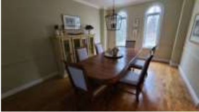
Pic. 22: Dining room
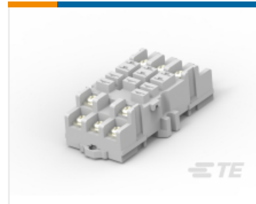
TE Part #2-1419106-5 27E893=SOCKET,KU,11,OC,POLY,NA-
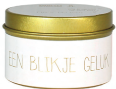
SKU: C2.2.110-2 Scent: Fig's Delight Size: D.6 x H.4 cm Quantity: 12
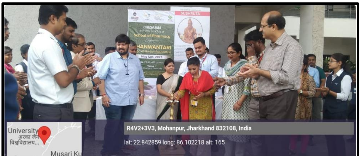
Rush at Expo Dhanwantari
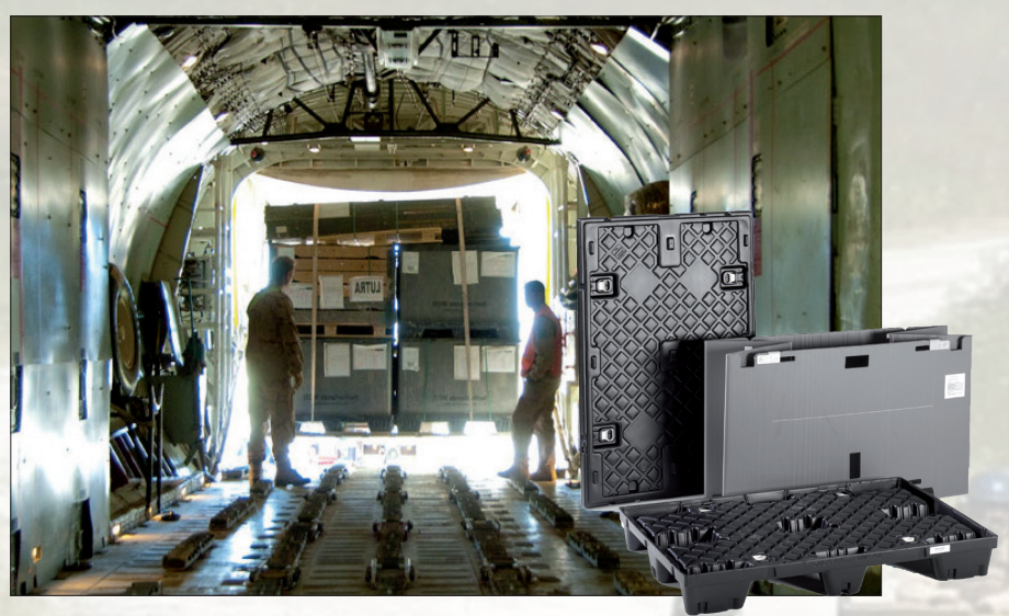
Lightpack Pallets and lids are shipped in stacks when empty, the folded collars fit together on a pallet with collar set up. Savings in empty return volume: 85%.

Often military transport goes by air, especially on foreign missions. Weight and stability of packaging play a mayor role in the process. Engels supplied the Netherlands MOD pallets, collars (3 different heights) and lids that have proven their durability since the mission in Afghanistan.
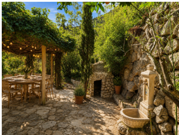
Concept Image (AI)
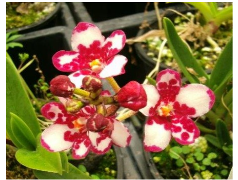
Sarco. Kulnura Ballerina x Sarco. Kulnura Secure
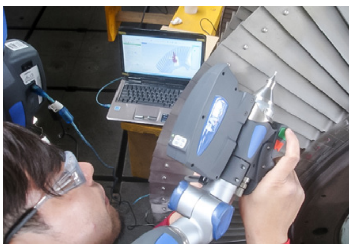
An Elliott technician measuring turbine blades using a FARO arm.

TASK
Copy exactly the lines from the first line of the records above through the line with "Rush at Expo Dhanwantari", both included, and nothing else. Pictures stay out.

TASK RESULT
Pic. 22: Dining room
TE Part #2-1419106-5 27E893=SOCKET,KU,11,OC,POLY,NA-
SKU: C2.2.110-2 Scent: Fig's Delight Size: D.6 x H.4 cm Quantity: 12
Rush at Expo Dhanwantari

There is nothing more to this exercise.